## RAW DATA

|---|

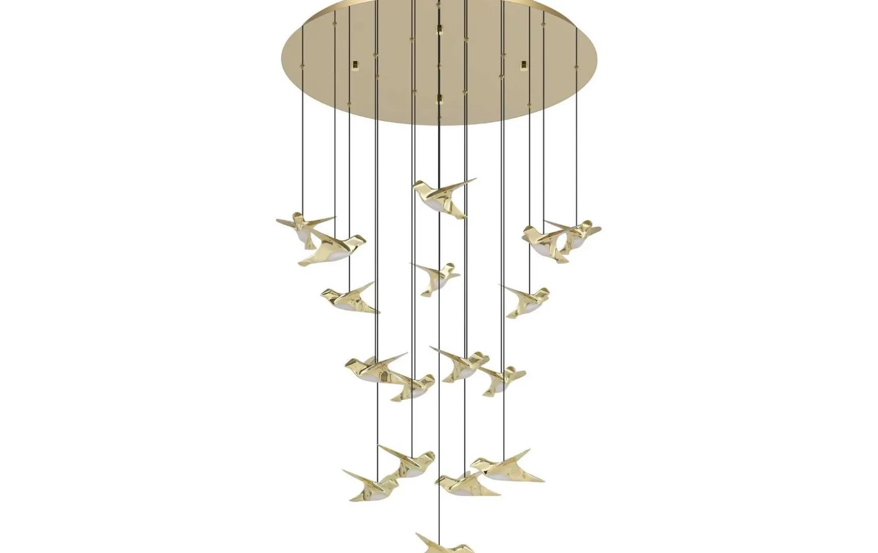 Die integrierten LEDs am Bauch der Vögel spenden angenehmes warmweißes Licht und sind über einen passenden Drehdimmer an der Wand dimmbar.
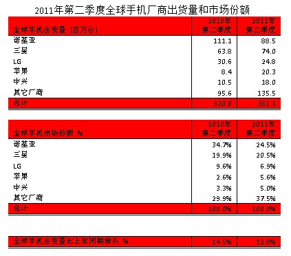 日前,據(jù)Strategy Analytics最新研究顯示,2011年二季度全球手機出貨量比去年同期增長13%,達(dá)到3.611億臺。諾基亞出現(xiàn)自1999年以來最大下滑,而蘋果已經(jīng)接近排名第三的LG。
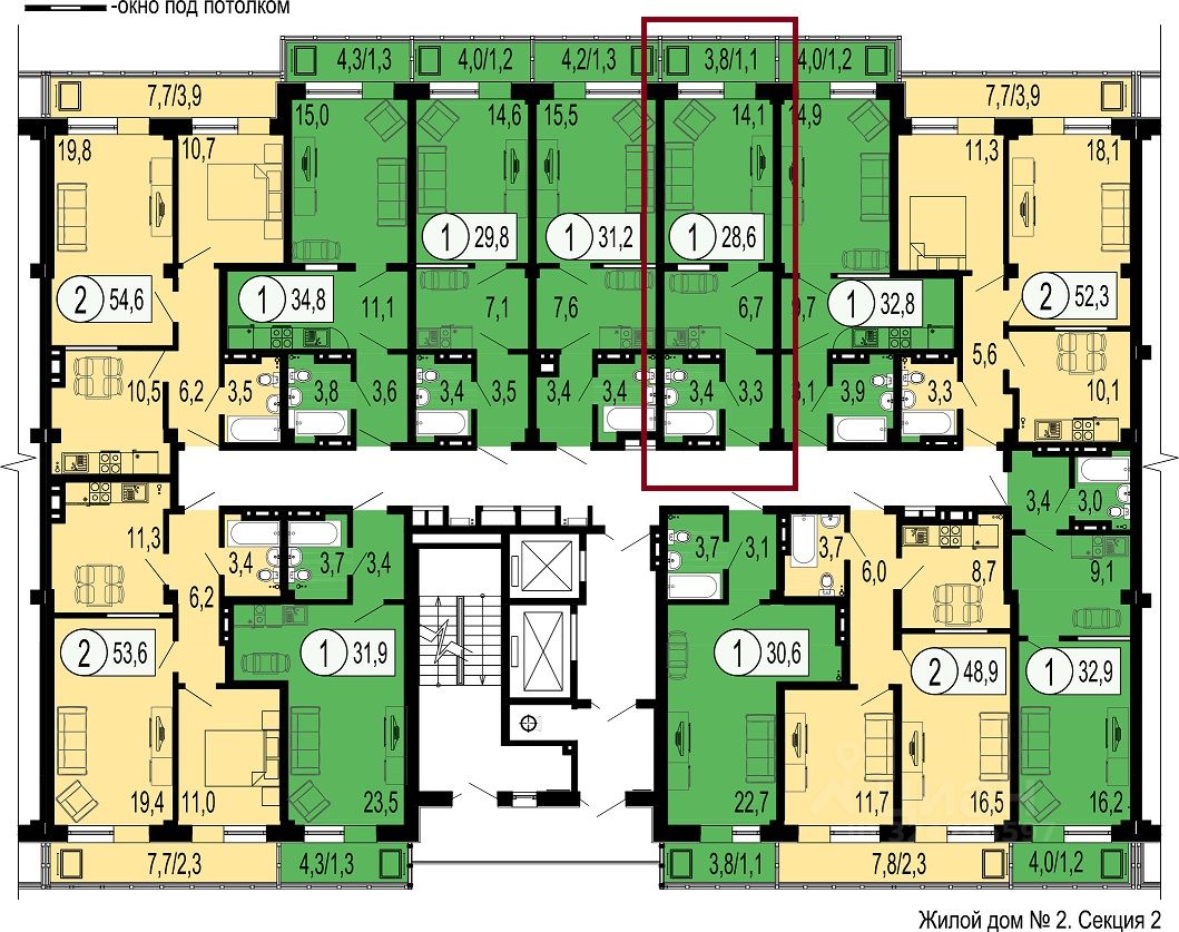 + Закрытый от автомобилей внутренний двор. Входы в подъезды дома выполнены с обеих сторон, на уровне отметки благоустройства.

|---|

## TASK PROMPT
What you give back must match the material above exactly, minus its pictures.

## ANSWER FOR THE TASK
 Die integrierten LEDs am Bauch der Vögel spenden angenehmes warmweißes Licht und sind über einen passenden Drehdimmer an der Wand dimmbar.
 日前,據(jù)Strategy Analytics最新研究顯示,2011年二季度全球手機出貨量比去年同期增長13%,達(dá)到3.611億臺。諾基亞出現(xiàn)自1999年以來最大下滑,而蘋果已經(jīng)接近排名第三的LG。
 + Закрытый от автомобилей внутренний двор. Входы в подъезды дома выполнены с обеих сторон, на уровне отметки благоустройства.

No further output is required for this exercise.